* [Exercise aim]:
Apart from the images, the entire listing below must be restated word for word.

* [The data]:

--------

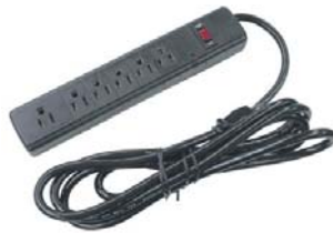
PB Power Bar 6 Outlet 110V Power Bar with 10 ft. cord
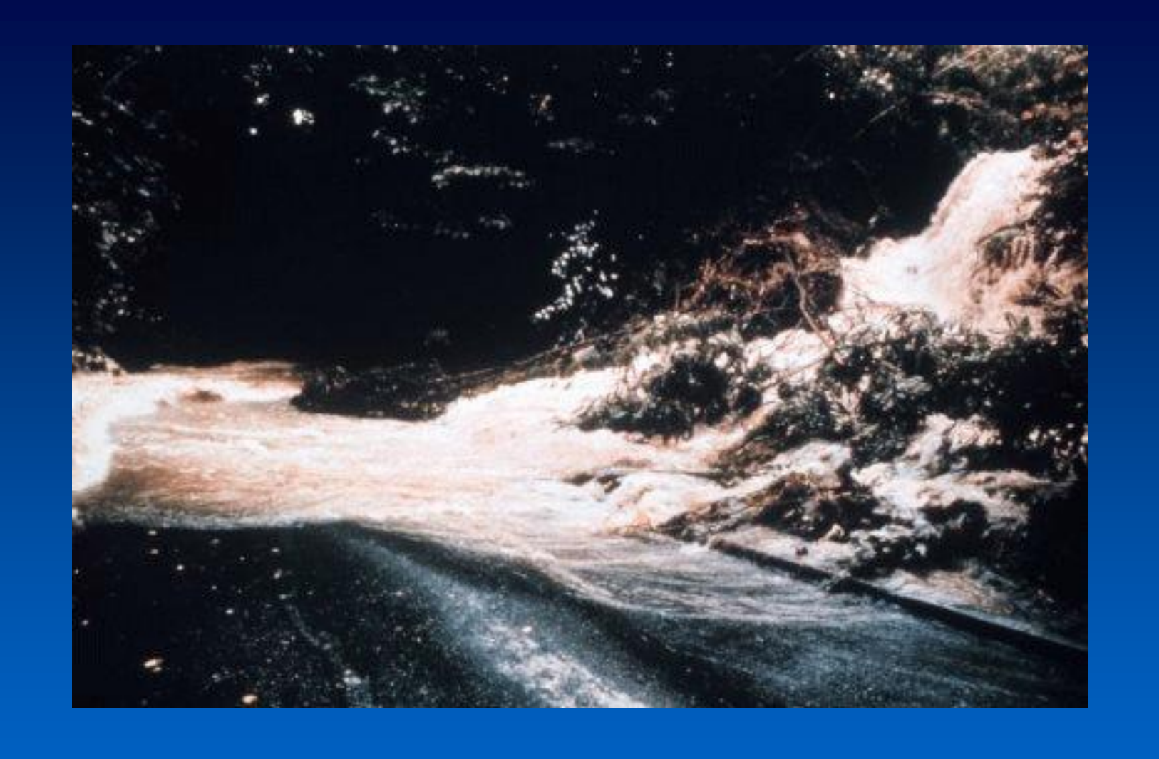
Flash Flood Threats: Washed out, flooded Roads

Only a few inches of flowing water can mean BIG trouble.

--------

* [Exercise response]:
PB Power Bar 6 Outlet 110V Power Bar with 10 ft. cord
Flash Flood Threats: Washed out, flooded Roads

Only a few inches of flowing water can mean BIG trouble.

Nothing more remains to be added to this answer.